» **What this task involves**:
Using the data below, restate exactly every line from the one with "Garnet and Peridot" up to and including the one with "This Eileen Fisher". No picture belongs in it.

» **Supplied data**:
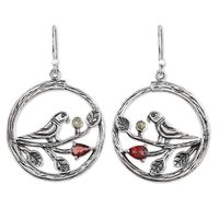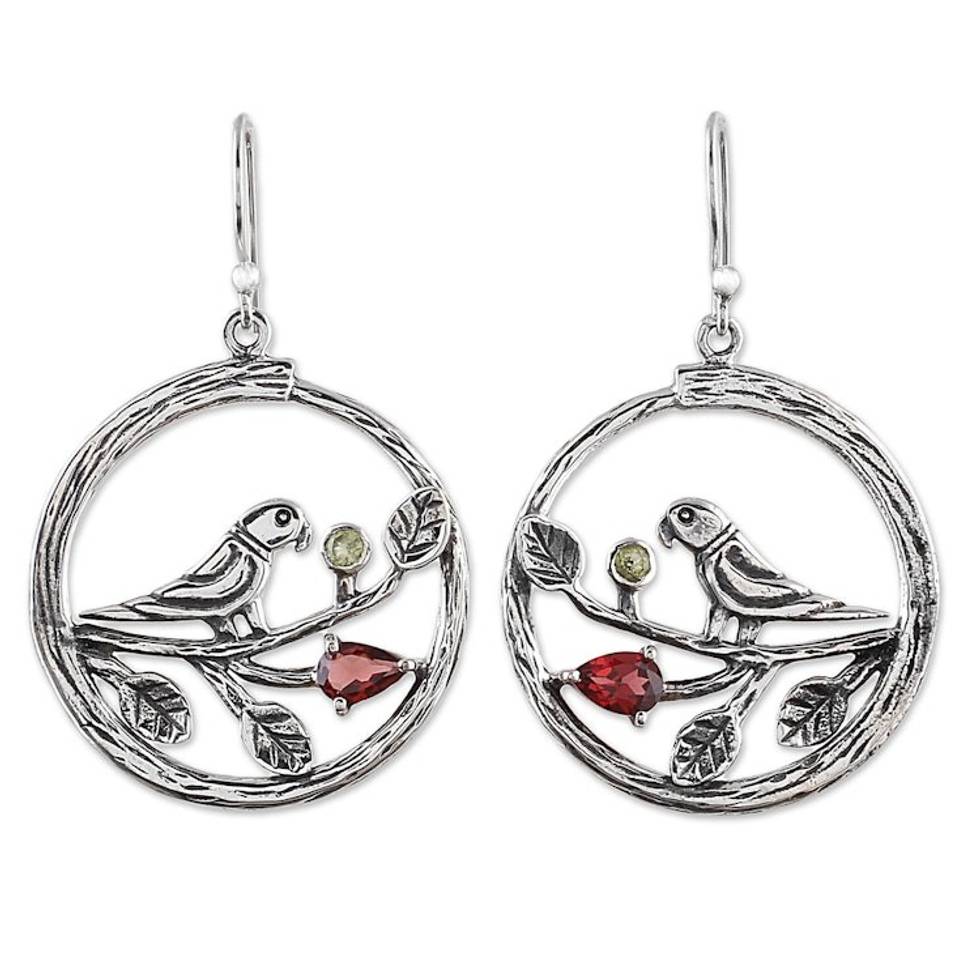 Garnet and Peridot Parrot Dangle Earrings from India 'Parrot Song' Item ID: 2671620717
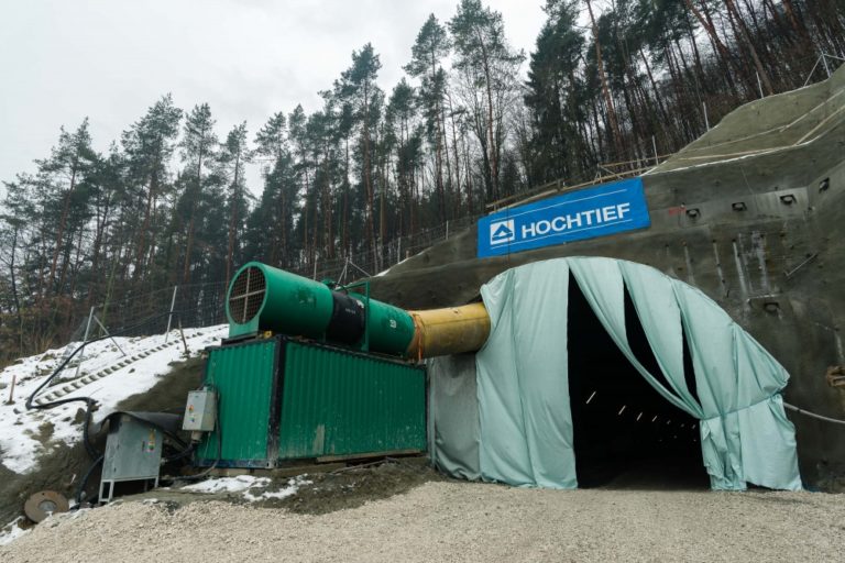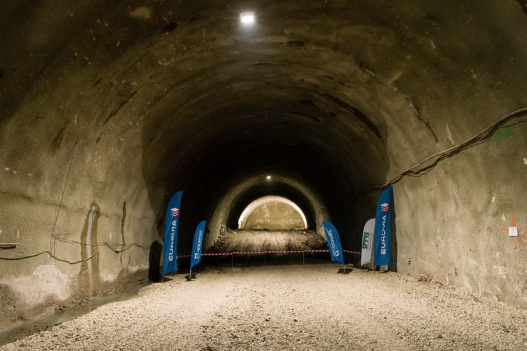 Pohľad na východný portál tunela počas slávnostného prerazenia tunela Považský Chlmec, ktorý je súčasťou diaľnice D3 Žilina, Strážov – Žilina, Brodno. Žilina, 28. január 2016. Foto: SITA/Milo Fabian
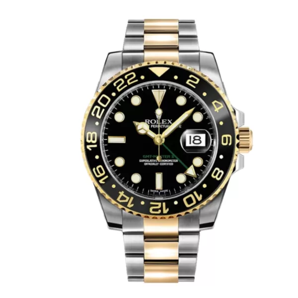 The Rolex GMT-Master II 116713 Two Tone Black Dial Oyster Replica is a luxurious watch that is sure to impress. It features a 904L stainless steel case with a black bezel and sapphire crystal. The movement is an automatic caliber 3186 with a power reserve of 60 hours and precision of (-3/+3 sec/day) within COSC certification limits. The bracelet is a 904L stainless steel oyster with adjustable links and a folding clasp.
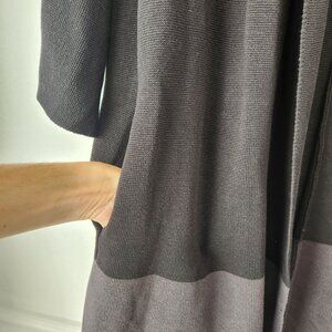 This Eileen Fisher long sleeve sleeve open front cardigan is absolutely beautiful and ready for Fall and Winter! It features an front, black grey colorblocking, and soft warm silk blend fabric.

---

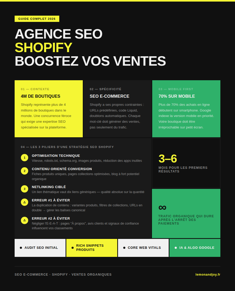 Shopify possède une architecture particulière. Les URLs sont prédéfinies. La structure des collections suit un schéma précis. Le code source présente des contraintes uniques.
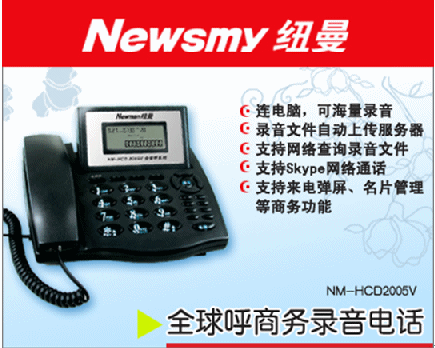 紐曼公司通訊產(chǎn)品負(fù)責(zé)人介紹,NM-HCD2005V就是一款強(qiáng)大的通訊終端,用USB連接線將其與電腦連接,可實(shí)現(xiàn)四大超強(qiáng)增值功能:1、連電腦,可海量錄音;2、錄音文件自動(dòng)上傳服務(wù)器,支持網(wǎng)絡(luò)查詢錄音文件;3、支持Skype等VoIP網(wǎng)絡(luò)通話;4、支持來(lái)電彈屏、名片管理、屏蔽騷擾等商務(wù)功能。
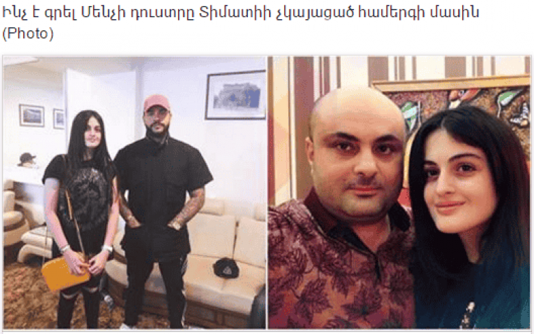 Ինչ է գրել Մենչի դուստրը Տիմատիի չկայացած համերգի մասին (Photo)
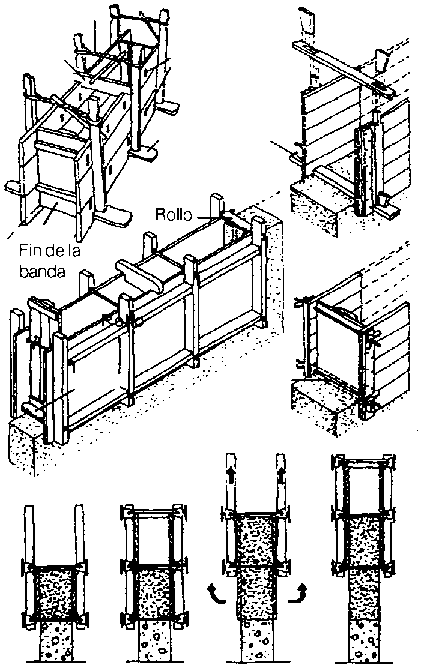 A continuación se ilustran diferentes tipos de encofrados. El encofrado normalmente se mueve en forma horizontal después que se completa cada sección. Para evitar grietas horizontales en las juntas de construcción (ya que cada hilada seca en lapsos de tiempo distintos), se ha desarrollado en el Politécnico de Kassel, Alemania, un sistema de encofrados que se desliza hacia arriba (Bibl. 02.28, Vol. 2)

==

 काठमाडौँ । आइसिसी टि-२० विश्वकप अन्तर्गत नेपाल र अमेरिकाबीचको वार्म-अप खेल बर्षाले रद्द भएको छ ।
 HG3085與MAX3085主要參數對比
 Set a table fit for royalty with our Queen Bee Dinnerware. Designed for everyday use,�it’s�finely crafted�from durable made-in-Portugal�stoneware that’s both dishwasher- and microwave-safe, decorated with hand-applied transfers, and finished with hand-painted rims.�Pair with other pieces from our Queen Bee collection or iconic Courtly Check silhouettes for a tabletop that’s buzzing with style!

» **Reply to the exercise**:
 Garnet and Peridot Parrot Dangle Earrings from India 'Parrot Song' Item ID: 2671620717
 Pohľad na východný portál tunela počas slávnostného prerazenia tunela Považský Chlmec, ktorý je súčasťou diaľnice D3 Žilina, Strážov – Žilina, Brodno. Žilina, 28. január 2016. Foto: SITA/Milo Fabian
 The Rolex GMT-Master II 116713 Two Tone Black Dial Oyster Replica is a luxurious watch that is sure to impress. It features a 904L stainless steel case with a black bezel and sapphire crystal. The movement is an automatic caliber 3186 with a power reserve of 60 hours and precision of (-3/+3 sec/day) within COSC certification limits. The bracelet is a 904L stainless steel oyster with adjustable links and a folding clasp.
 This Eileen Fisher long sleeve sleeve open front cardigan is absolutely beautiful and ready for Fall and Winter! It features an front, black grey colorblocking, and soft warm silk blend fabric.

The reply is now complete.